With the exception of the pictures, transcribe the entire listing exactly.

—————

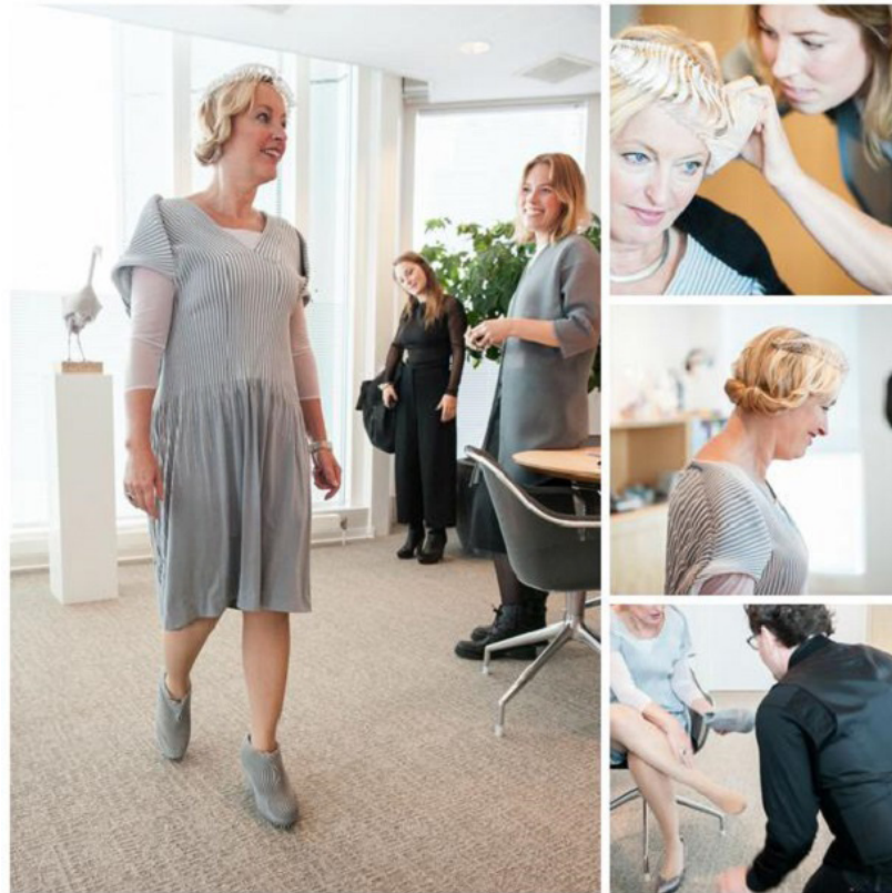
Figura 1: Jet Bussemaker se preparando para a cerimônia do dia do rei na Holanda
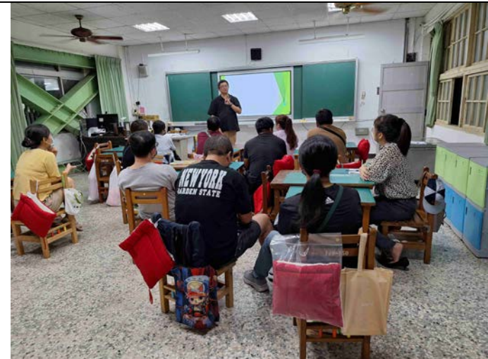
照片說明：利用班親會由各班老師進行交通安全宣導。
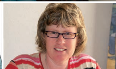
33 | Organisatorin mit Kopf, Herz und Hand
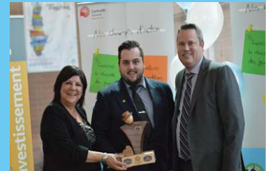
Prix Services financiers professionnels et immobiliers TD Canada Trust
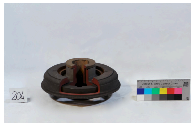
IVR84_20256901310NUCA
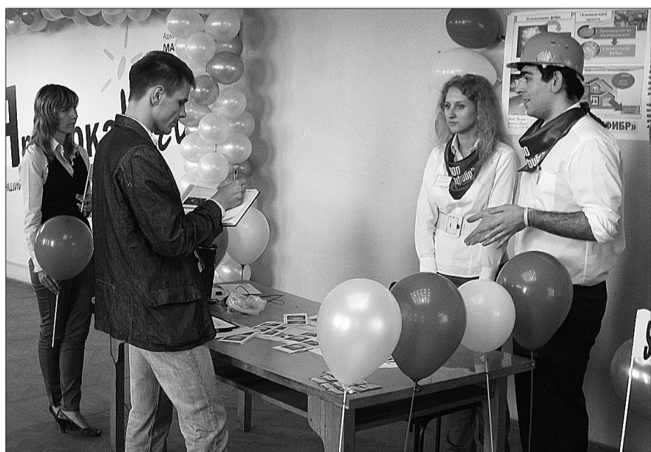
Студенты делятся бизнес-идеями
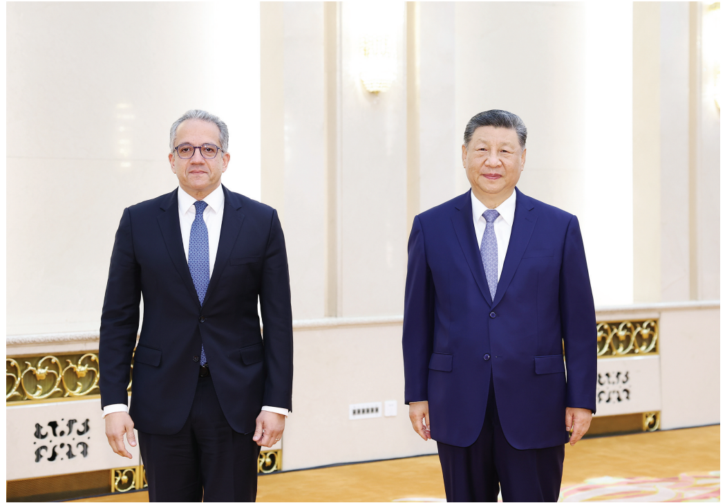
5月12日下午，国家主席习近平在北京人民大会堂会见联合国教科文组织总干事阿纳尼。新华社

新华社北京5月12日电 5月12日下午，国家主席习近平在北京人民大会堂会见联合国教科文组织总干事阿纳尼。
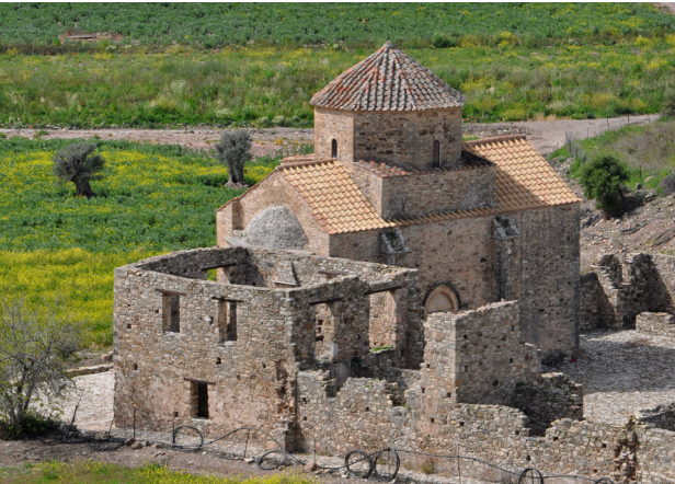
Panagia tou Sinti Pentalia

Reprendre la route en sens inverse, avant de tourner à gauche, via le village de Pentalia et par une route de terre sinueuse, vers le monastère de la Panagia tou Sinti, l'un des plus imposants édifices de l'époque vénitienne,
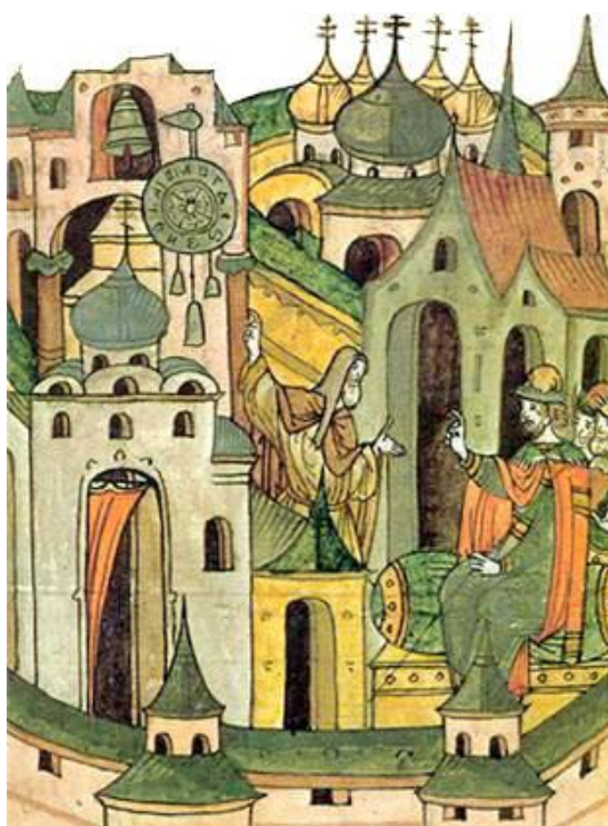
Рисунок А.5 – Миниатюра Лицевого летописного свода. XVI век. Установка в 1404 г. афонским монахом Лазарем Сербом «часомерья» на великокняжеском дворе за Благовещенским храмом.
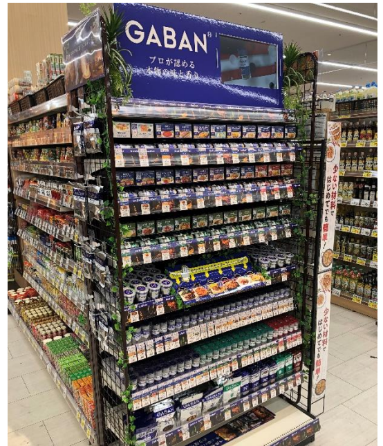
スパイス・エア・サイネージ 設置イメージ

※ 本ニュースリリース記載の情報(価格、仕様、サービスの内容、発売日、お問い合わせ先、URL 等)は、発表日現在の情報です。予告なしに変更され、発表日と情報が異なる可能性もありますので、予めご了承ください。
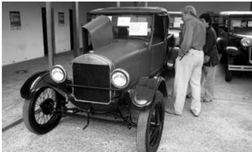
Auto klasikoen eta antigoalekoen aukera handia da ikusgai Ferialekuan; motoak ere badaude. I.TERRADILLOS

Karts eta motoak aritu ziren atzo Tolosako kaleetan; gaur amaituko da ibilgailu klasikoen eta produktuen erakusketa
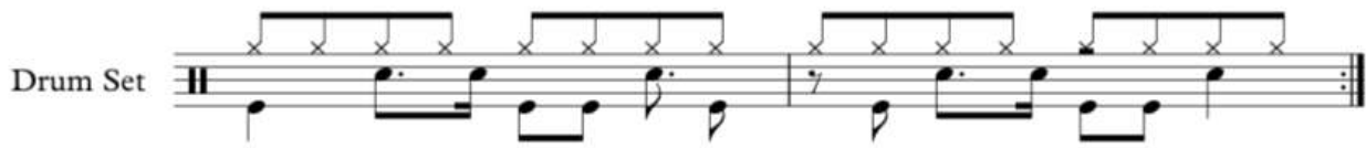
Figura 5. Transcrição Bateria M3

—————

*RESPONSE TO THE TASK*
Figura 1: Jet Bussemaker se preparando para a cerimônia do dia do rei na Holanda
照片說明：利用班親會由各班老師進行交通安全宣導。
33 | Organisatorin mit Kopf, Herz und Hand
Prix Services financiers professionnels et immobiliers TD Canada Trust
IVR84_20256901310NUCA
Студенты делятся бизнес-идеями
5月12日下午，国家主席习近平在北京人民大会堂会见联合国教科文组织总干事阿纳尼。新华社

新华社北京5月12日电 5月12日下午，国家主席习近平在北京人民大会堂会见联合国教科文组织总干事阿纳尼。
Panagia tou Sinti Pentalia

Reprendre la route en sens inverse, avant de tourner à gauche, via le village de Pentalia et par une route de terre sinueuse, vers le monastère de la Panagia tou Sinti, l'un des plus imposants édifices de l'époque vénitienne,
Рисунок А.5 – Миниатюра Лицевого летописного свода. XVI век. Установка в 1404 г. афонским монахом Лазарем Сербом «часомерья» на великокняжеском дворе за Благовещенским храмом.
スパイス・エア・サイネージ 設置イメージ

※ 本ニュースリリース記載の情報(価格、仕様、サービスの内容、発売日、お問い合わせ先、URL 等)は、発表日現在の情報です。予告なしに変更され、発表日と情報が異なる可能性もありますので、予めご了承ください。
Auto klasikoen eta antigoalekoen aukera handia da ikusgai Ferialekuan; motoak ere badaude. I.TERRADILLOS

Karts eta motoak aritu ziren atzo Tolosako kaleetan; gaur amaituko da ibilgailu klasikoen eta produktuen erakusketa
Figura 5. Transcrição Bateria M3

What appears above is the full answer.